An oil-drilling company knows that it costs $25,000 to sink a test well. If oil is hit, the income for the drilling company will be $375,000. If only natural gas is hit, the income will be $130,000. If nothing is hit, there will be no income. If the probability of hitting oil is 1/40 and if the probability of hitting gas is 1/20, what is the expectation for the drilling company

Expectation

= ΣxP(x)
where x represents the gain from each of the outcomes in the sample space.

Here the gains and probabilities are:

outcome=oil
gain=375000-25000=350000
P(oil)=1/40
xP(oil)=8750

outcome:gas
gain=130000-25000=105000
P(gas)=1/20
xP(gas)=5250

outcome:nothing
gain=0-25000=-25000
P(nothing)=1-1/40-1/20=37/40
xP(nothing)=-23125

Expected gain
E(x)=8750+5250-23125=-9125
(negative gain = loss)

To find the expectation for the drilling company, we need to calculate the expected value for each outcome and then sum them up.

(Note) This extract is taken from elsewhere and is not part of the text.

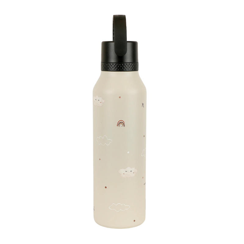 Garrafa térmica de alta performance com ilustração exclusiva de safari e nuvens. Tampa com bocal oculto regulável. Mantém frio 32h e quente 24h. Tecnologias Evertaste® (sem sabor metálico) e Microshield® (antibacteriana). Sem condensação.

First, let's calculate the expected value for hitting oil:
Income from hitting oil = $375,000
Probability of hitting oil = 1/40

Expected value for hitting oil = Income from hitting oil * Probability of hitting oil
= $375,000 * (1/40)
= $9,375

Next, let's calculate the expected value for hitting gas:
Income from hitting gas = $130,000
Probability of hitting gas = 1/20

Expected value for hitting gas = Income from hitting gas * Probability of hitting gas
= $130,000 * (1/20)
= $6,500

Since there is no income if nothing is hit, the expected value for this outcome would be $0.

Now, let's calculate the expectation for the drilling company by summing up the expected values for each outcome:

Expectation = Expected value for hitting oil + Expected value for hitting gas + Expected value for hitting nothing
= $9,375 + $6,500 + $0
= $15,875

Therefore, the expectation for the drilling company is $15,875.